France Says It Will Ban Uber’s Low-Cost Service in New Year - MaxQuentero
http://www.nytimes.com/2014/12/16/business/international/france-says-it-will-ban-ubers-low-cost-service-in-new-year.html?_r=0
======
corin_
In my (only a few days) experience with UberPop in Paris... it was horrible.
I've used Uber (various service types) in a few cities, and most of all use
them regularly in London. I think I'm close to adding them to my list of
companies I just don't want to give business to, but that's a whole other
barrel of worms.

I spent a week in Paris last month, and while I'd normally ignore an UberPop
level, my hotel was down a straight road to the place I was going every day
that week, and with UberPop I exactly hit the minimum (€4), whereas paying
more than double that I felt guilty enough to walk the 10-15min..

I don't think I've ever had such consistently bad experiences with any taxi
service, be it modern or old, global or local.
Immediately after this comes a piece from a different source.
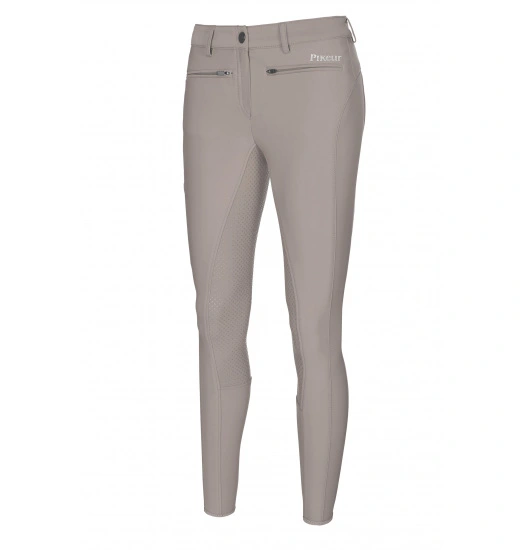 Women’s breeches with a full silicone grip that provides comfort and stability in the saddle. The breeches are made of the highest quality elastic fabric that stretches in all four ways, is comfortable and breathable. They have two zippered pockets on the front and a functional pocket on a thigh. Their legs are trimmed with elastic inserts. The breeches are decorated with a small Pikeur writing.
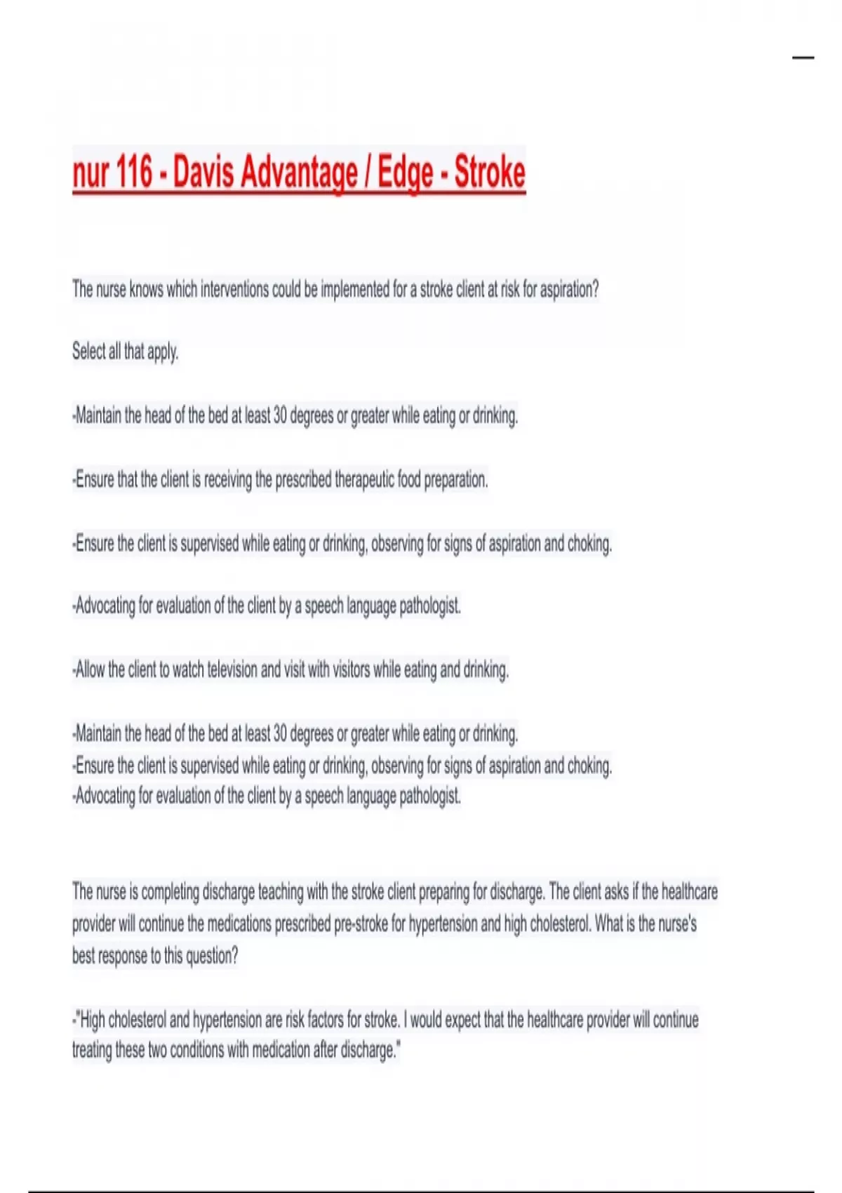 nur 116 - Davis Advantage / Edge - Stroke Exam 2025/2026 Questions With Completed Solutions.

All the UberPop drivers had no
GPS, or GPS that didn't work. All had trouble finding me to collect, despite
Uber's seemingly straight-forward system. I had to give directions (not just
"my hotel's round the next corner", but directions for full longer journeys),
luckily my French is _just_ good enough...

After a few trips I stopped trying to save money and went back to UberX and
UberBerline. All sorted after that (a couple of language-caused issues, but
that's my fault for being English in Paris and not speaking French as well as
I'd like!)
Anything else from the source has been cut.